5. A political polling company wants to know if there are differences among people of different political parties with respect to their views on a bill recently proposed in Congress. The company conducted a survey of 300 people and got the following results. Do the results support the hypothesis that there are differences among people in different political parties regarding their views on this bill? (Use a = 0.10)

Republicans Democrats Independents

Strongly Agree 50 10 20

Agree 20 10 15

Neutral 20 20 10

Disagree 10 35 20

Strongly Disagree 10 30 20

15. A researcher in a private, for-profit university wants to determine whether the average starting salaries differ among recent graduates from their nursing, engineering, business and education programs. He randomly selects graduates from each of these programs and determines their starting salaries (see table below). Is there a significant difference in starting salaries among the four programs? NOTE: values are in $1,000. (Use a = 0.05)
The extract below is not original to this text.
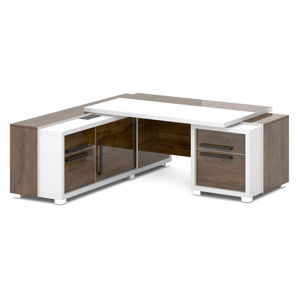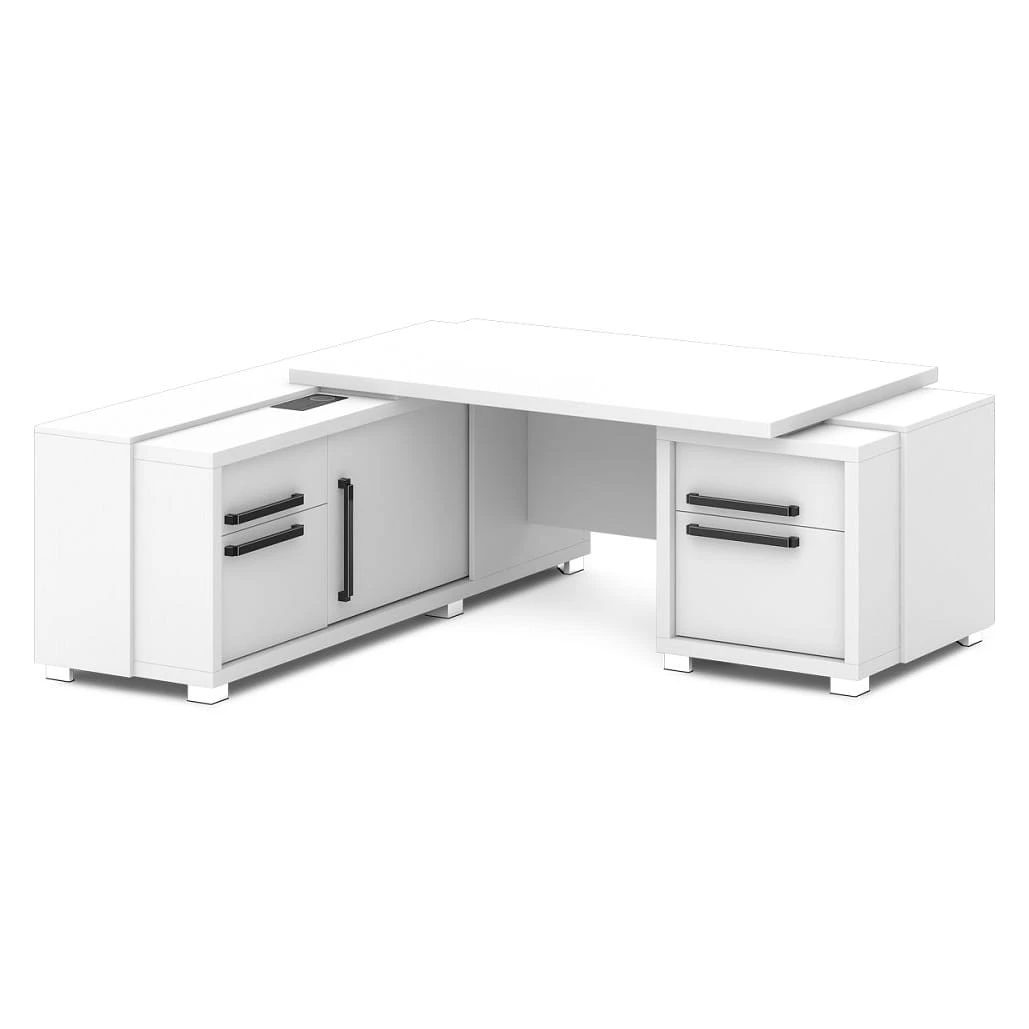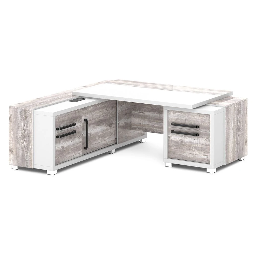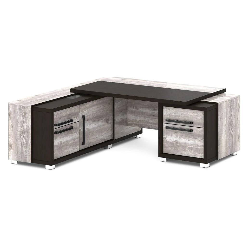 Стол с тумбой и греденцией (беспроводная зарядка, 2xUSB, розетка) 2070х2016х750 Грейс / Grace

Nursing Engineering Business Education

42 51 60 54

44 49 62 48

47 55 59 49

39 54 61 50

44 58 58 51

46 58

11. A software company wants to know whether the job satisfaction levels of its programmers is linked to their salary levels. The company provides a written questionnaire to a sample of fifteen programmers to measure their job satisfaction levels on a scale of 1 to 10. The data are shown in the table below.

(a) Draw a scatter plot.

(b) Develop a regression equation relating job satisfaction to salary.

(c) Predict the job satisfaction rating for someone with a salary of $30,000.

Job Satisfaction (1-10): 1 2 2 3 3 5 6 6 7 7 8 8 9 9 10

Annual Salary (in $1000): 22 20 23 34 38 24 22 34 36 27 33 27 38 39 40

7. A fast-food company is trying to reduce the amount of time it takes to prepare its Jumbo-Max meal, which takes on average 4.2 minutes ( µ ) and the standard deviation of the population equals 0.8 minutes. The company hires a consultant who designs a new system for preparing the Jumbo-Max and the company uses the new system for a week. During that week, the company makes 64 Jumbo-Max meals and the mean time for the sample is 3.8 minutes. Is the consultant's new system effective in reducing the preparation time? (Use a = 0.01)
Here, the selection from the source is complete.